I think the discipline of pursuing time diversity over the capital you have is extremely important. If you talk about LPs today, there is a lot of concern about the pace at which funds were made available, and there has been a biennial cycle in the last two iterations. I think you will start to realize that this will take three years. From the perspective of time diversity, three years [of time] speak a lot against portfolio construction. When it gets shorter, you do not get enough time in the portfolio and it starts to hinder you.

TC: Separately, you wrote a post about WeWork using the term personality cult. For those who have not read this article – even for those who have read it – can you explain what you said?

BF: What I tried to abstract was the separation between personal and thought-guiding cults. Thoughts are incredibly important. I think it's important for entrepreneurs. I think it's important for CEOs. I think it's important for leaders and I think it's important for people in the system.

I am a participant in the system, right? I am a VC. There are many different ways for me to contribute, and personally, instead of creating a personality cult around myself, I think it's much better to create a think-tank, including many experiments and trials, many things, a lot of wrong be and learn from it. One of the things about thought-leadership that I think is so powerful is that people who are leading the mind are really curious, trying to learn, looking for data, and forming feedback loops of what they are learning, what it will allow they should be more effective leaders in every role they play.
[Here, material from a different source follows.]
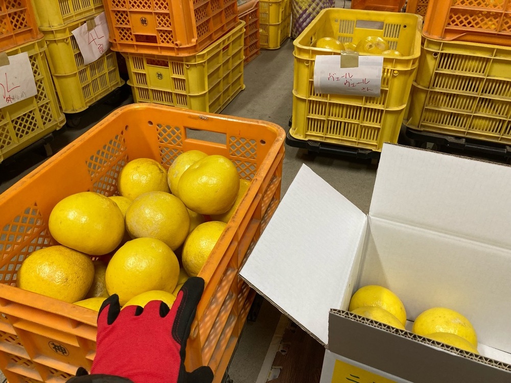 今日は雨が降ってたから、山に貯蔵している野囲いの文旦を取りに行かずに、倉庫で荷造り。

The cult of personality often disguises itself as thought guidance. , , [but it tends] to reinforce oneself about the attractiveness of this person or the importance of that person or the correctness of the vision this person has. And what happens to personality cult is that very often, not always, but very often, you lose the signal that allows you to iterate, change, develop, and modify so that you build something that is in your life As time grows stronger.
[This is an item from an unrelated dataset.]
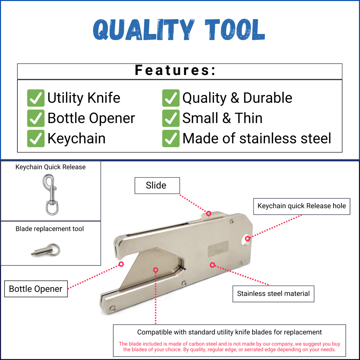 Minimalist pocket tool designed with a bottle opener and it can be used as a keychain, everyday carry mini tool. super handy, compact and very durable. open Boxes, bags next time and you don't have to open them with whatever you find. One-Handed operation, Removable blade. Compatible with Standard Utility Knife Blades.

In some cases it is totally off track. I mean, just call it the way it is: What business does a private company have, no matter how much revenue it has to buy a Gulfstream V or whatever [WeWork] has bought? It's crazy. ..

From an entrepreneurial point of view, I think it is much, much more powerful, than the entrepreneur or leader who engages in the matter of being a leader with thought-leadership and self-observation about what works and what does not cultivate personality [and is] Inhalation [his or her] own exhaust

TC: Were you even a VC in this situation? Could VCs have done something earlier in this case or is it not possible with a strong personality?

BF: One of the toughest jobs not only as an investor, but also as a board member – and honestly, it's also difficult for entrepreneurs to deal with the spectrum you're on. An end to the spectrum as an investor or board member dictates to the charismatic, incredibly hard-working founder, who is the CEO, what he should do and on the other end, let them informally so they do what they want.

One of the challenges of many VCs is that it is difficult to be internally critical when things are going well. Often you concentrate less on the character. Any company that is expanding its leadership needs to evolve. The founders, the CEO and the other executives need to evolve. [Yet] Many times for various reasons, and it is a broad spectrum, there are moments when it is easier to pay no attention as an investor or board member. There are many investors and board members who are afraid to face it. And there are many situations in which, because you did not set up the governance structure of the company in a particular way, you wanted to get involved in the deal as an investor, or because the entrepreneurs insist [on a certain structure] or because you do not do. You do not have enough influence because it is very, very hard when you have invested. If the entrepreneur is not ready to work together, it is very difficult to do anything about it.

Here, too, you can read our unedited and far-reaching conversation if you are a subscriber to Extra Crunch.